People are living longer. Health care costs for the frailest seniors are eating up family estates. Their reliance on others to feed and care for them and their finances can put more elderly at risk of financial or physical abuse by the caretakers they depend on.

The shaky economy adds to the volatility as more adult children lose their jobs and see their retirement savings and home equities dwindle while debts mount.

Despite the downturn, more than $20 trillion will be transferred to heirs in the next 50 years — the largest transfer of wealth in U.S. history, according to the Center on Wealth and Philanthropy at Boston College.

“Boomers took risks, and they have a high lifestyle,” Kotzer says. “The housing market went down. The (stock) market went down. A lot of these Boomers have been laid off. Where’s the money coming from?”  the prospect of an inheritance stirs a cauldron of emotions — not always heartwarming.

Eileen Zenker, director of client services at SeniorBridge, a national care management company, says it’s common for children who are faced with costly care for their parents to react this way: “I’m watching my inheritance go down the drain.”

And parents who are in their second marriage have another worry. They need to make sure their children and not their stepchildren inherit their assets. Family feuds over inheritance are as old as the Bible (Jacob tricked his twin brother Esau out of his birthright and their father’s blessing.), and they can multiply in blended families.
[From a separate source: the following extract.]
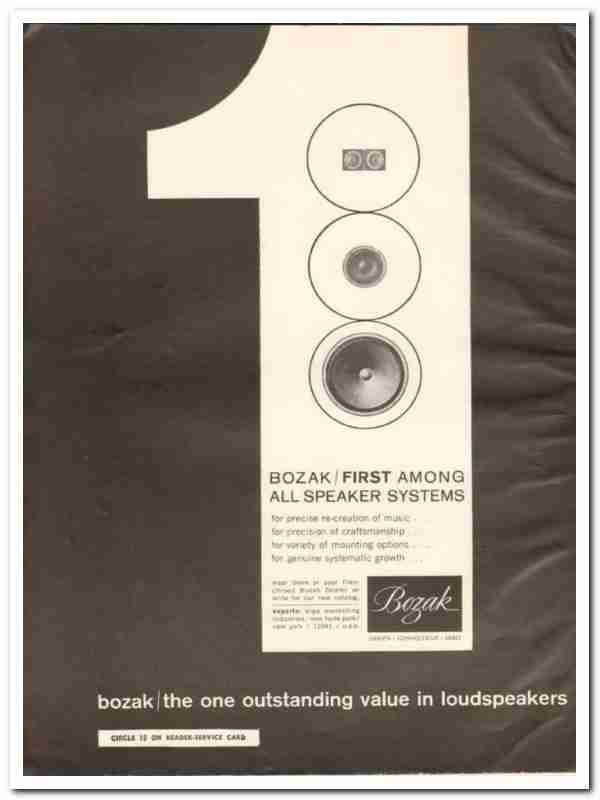 Original vintage ad for R. T. BOZAK COMPANY. First precise stereo speaker system, the one outstanding value in loudspeakers. Precision craftsmanship, variety of mounting options and genuine systematic growth. Hear them at your Franchised Dealer.

There are ex-wives and ex-husbands, children and stepchildren, parents and stepparents. More than half of all first marriages end in divorce and about 75% of divorced people will marry again, according to the National Step family Resource Center. About 65% of these unions will include children from previous marriages. More than 40% of American adults have at least one step-relative, according to a Pew Research Center study earlier this year.